Runner

Each week a person from the team volunteers to be the “runner.” This person watches honeybadger for all our projects and ensures that newly discovered errors are appropriately ticketed and followed through on.

Why do we have a runner?

Our team found that without someone specifically designated to track exceptions in our application that the rate of exceptions would only go up. By creating tickets and designating priority issues for the team to work on we hope to create more stable software for our users.

How to be the Runner

Running happens on a weekly cycle. There is a new runner every week and the goal of the runner is to ensure that exceptions which come in have actionable tickets with sufficient information to close them without honeybadger history.

Friday Before

Volunteer to be the runner at stand-up or the work cycle wrap-up.

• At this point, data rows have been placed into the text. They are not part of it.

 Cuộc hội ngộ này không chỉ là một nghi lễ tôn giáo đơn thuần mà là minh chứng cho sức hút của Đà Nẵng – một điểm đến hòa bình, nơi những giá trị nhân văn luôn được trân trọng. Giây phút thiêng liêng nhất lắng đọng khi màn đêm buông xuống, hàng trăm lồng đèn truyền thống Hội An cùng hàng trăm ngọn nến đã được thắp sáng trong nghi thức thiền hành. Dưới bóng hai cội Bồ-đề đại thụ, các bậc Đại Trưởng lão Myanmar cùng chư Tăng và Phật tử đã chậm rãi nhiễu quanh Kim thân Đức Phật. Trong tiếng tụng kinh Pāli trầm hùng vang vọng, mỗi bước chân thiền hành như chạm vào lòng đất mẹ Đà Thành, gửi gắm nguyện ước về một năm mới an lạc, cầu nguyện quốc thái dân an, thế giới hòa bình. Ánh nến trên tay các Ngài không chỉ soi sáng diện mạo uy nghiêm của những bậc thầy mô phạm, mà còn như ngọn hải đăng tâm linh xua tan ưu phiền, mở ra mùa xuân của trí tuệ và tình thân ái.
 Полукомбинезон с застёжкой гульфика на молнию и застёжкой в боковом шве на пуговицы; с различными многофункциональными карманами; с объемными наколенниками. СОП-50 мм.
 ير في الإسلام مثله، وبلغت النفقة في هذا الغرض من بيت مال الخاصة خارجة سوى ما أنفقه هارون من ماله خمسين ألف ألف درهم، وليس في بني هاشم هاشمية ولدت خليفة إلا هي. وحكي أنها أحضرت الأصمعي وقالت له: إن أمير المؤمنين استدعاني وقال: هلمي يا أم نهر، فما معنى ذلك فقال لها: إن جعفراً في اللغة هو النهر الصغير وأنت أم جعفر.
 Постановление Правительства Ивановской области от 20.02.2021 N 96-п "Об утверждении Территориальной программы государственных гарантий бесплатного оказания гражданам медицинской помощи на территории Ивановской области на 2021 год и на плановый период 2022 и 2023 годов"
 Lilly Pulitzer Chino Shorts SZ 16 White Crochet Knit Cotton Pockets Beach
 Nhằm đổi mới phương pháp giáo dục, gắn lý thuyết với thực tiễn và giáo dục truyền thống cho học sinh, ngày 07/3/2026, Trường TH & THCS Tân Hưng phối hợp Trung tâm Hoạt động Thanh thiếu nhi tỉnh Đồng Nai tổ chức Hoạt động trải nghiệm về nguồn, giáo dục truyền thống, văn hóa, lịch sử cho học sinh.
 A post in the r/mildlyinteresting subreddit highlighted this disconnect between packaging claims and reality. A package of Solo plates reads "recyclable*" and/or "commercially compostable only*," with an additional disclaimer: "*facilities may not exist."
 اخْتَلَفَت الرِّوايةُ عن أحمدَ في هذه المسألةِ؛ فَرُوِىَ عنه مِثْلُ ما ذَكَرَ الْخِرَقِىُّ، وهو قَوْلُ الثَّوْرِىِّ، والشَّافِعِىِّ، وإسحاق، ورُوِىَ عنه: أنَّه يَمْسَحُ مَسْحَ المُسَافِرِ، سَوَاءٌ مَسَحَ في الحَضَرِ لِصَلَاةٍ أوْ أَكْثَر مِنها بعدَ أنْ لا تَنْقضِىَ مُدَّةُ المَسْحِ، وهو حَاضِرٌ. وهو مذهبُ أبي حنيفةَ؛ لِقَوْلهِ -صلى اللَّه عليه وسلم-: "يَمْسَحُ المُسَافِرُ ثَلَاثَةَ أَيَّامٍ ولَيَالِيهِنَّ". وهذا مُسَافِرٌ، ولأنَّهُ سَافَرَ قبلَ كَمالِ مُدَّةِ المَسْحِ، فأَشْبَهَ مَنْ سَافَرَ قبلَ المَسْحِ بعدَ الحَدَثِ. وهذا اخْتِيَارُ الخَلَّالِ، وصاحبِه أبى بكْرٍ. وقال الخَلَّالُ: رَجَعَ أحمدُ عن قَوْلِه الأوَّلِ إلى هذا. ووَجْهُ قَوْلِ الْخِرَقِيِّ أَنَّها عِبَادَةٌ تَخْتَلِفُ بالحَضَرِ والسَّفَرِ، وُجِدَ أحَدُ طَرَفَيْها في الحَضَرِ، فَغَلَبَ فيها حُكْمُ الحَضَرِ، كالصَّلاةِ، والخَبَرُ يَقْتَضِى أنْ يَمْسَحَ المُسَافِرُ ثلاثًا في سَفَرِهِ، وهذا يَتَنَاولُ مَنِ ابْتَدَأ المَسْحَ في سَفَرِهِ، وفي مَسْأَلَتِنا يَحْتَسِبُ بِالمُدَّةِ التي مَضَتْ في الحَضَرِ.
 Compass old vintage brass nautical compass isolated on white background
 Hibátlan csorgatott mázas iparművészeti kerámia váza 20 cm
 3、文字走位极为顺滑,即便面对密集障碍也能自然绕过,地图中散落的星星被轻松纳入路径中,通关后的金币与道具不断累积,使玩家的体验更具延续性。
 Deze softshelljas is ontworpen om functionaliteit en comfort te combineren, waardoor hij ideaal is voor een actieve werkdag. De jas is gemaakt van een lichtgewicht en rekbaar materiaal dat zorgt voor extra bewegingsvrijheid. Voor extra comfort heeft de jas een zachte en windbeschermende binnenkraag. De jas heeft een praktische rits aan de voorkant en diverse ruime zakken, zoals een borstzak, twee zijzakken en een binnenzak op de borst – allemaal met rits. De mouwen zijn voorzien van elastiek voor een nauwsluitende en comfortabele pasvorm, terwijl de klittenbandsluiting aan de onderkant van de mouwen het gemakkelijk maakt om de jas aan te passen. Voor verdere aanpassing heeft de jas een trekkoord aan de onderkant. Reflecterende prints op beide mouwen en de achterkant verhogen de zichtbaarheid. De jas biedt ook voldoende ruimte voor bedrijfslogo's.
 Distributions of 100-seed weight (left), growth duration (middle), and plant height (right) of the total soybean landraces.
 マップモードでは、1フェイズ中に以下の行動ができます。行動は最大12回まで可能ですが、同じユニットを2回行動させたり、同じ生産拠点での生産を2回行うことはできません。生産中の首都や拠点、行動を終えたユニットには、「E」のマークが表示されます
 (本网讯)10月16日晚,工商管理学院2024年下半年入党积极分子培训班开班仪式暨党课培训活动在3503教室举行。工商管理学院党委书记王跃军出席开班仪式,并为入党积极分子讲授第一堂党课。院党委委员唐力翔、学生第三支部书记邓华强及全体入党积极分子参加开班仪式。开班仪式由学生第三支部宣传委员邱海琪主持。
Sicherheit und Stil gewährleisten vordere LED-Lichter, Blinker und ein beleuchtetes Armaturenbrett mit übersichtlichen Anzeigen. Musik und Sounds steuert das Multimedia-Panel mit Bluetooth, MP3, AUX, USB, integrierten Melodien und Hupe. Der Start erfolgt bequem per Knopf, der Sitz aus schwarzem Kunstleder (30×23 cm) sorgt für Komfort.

Ensure your notifications are on for all of DLS’ applications.

Each Morning

Look through new errors from the weekend or night before. For any that have no tickets create a ticket with enough of a backtrace to tell what’s going on, a descriptive title of what caused the error, and any background information that might help work it. Apply the “maintenance / research” label so it appears in the inbox of our maintenance board.

When a new error comes in

Do the same as above, but notify #incident_reports if it’s indicative of a major issue that needs immediate response.

Friday During

Choose one ticket that you either created or saw repeatedly to be worked on during maintenance/research week. Mark it “high-priority” by clicking the pin in the maintenance board and mention it at stand-up.

Runner Support

Running is exhausting and distracting. Don’t volunteer too often and lean on your team when you need support. If, for example, a downtime event leads to too many errors to get through while keeping up with what you’re working on you can always ask in #dls to split the workload. We’re here for you, thank you for volunteering!

Errors of certain kinds

  1. Staging errors are often due to development / testing. But it could be an opportunity to catch an error before we see it in production. If you’re not sure, check in with the team.
  2. Errors that look like attack probes should be ticketed in princeton_ansible for lack of a better place. Operations will use them to look at Signal Sciences configuration.
  3. Errors that look like SIGHUP from closing a console on a box can be set to “ignore”.